§ Work instruction
In the records below, the relevant part opens with the line containing "상품 내용 사냥 칼 440c" and closes with the line containing "Cambiar el prensatelas"; print that part exactly and only, without its pictures.

§ Material supplied
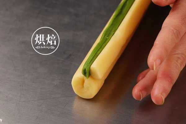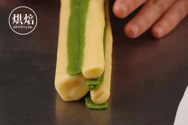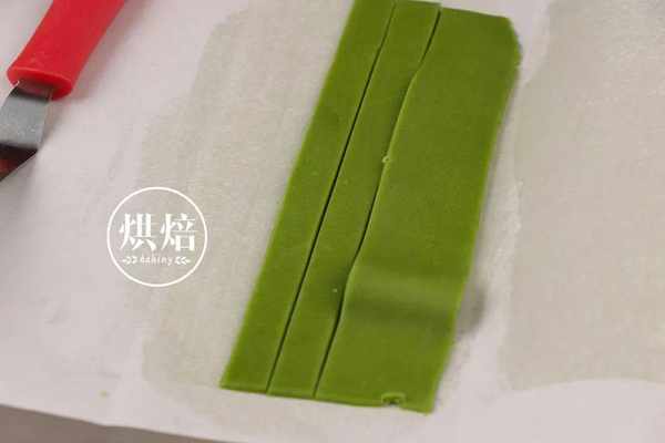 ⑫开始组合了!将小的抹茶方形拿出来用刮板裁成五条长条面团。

--

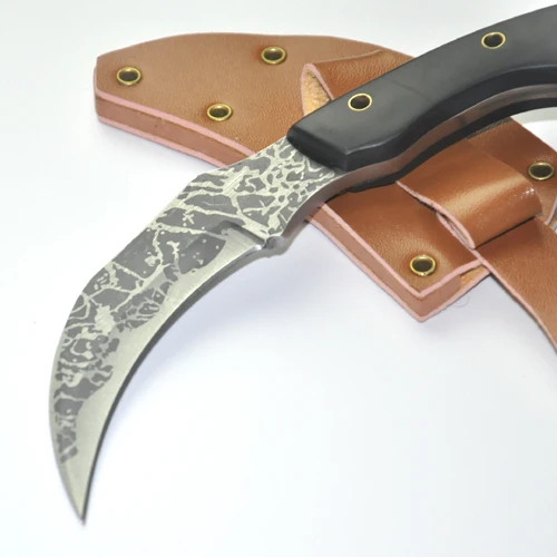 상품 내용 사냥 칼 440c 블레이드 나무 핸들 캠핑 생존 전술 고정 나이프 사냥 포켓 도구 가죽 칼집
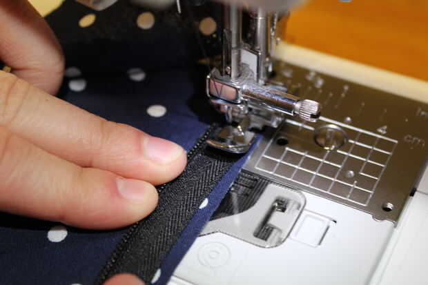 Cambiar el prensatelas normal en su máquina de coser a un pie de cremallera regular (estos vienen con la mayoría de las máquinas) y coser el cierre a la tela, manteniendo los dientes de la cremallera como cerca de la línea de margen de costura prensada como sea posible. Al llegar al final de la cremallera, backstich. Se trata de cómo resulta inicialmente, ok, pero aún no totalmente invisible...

==

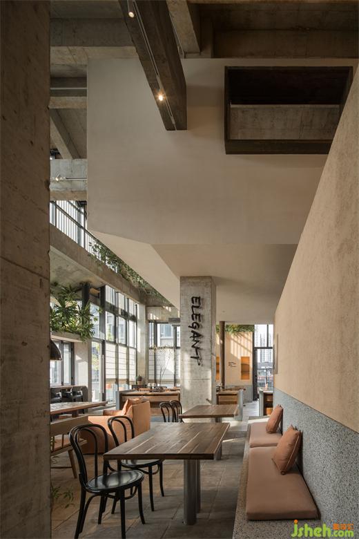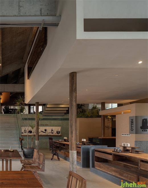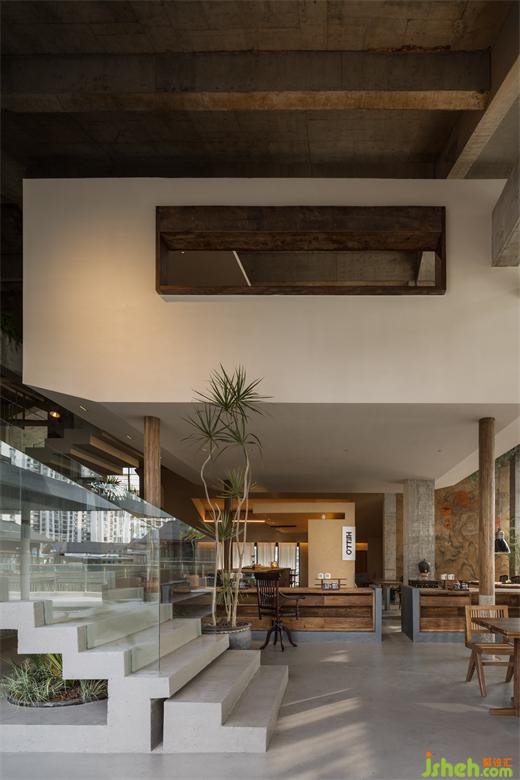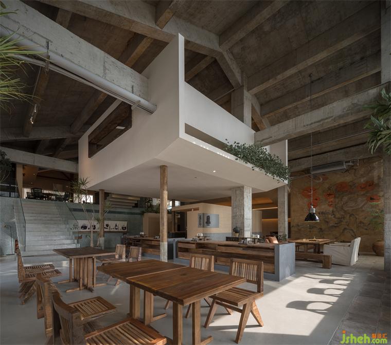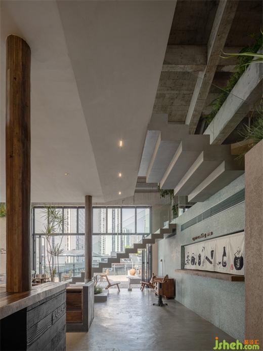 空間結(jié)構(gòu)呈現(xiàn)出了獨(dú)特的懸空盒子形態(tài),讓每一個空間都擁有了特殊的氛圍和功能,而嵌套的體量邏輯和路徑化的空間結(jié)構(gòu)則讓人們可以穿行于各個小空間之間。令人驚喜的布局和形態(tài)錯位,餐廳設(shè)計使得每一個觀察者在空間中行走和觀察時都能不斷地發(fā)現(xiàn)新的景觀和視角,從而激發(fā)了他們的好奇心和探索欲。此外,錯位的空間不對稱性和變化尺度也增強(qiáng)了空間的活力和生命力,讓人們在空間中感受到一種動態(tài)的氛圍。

§ The answer
 상품 내용 사냥 칼 440c 블레이드 나무 핸들 캠핑 생존 전술 고정 나이프 사냥 포켓 도구 가죽 칼집
 Cambiar el prensatelas normal en su máquina de coser a un pie de cremallera regular (estos vienen con la mayoría de las máquinas) y coser el cierre a la tela, manteniendo los dientes de la cremallera como cerca de la línea de margen de costura prensada como sea posible. Al llegar al final de la cremallera, backstich. Se trata de cómo resulta inicialmente, ok, pero aún no totalmente invisible...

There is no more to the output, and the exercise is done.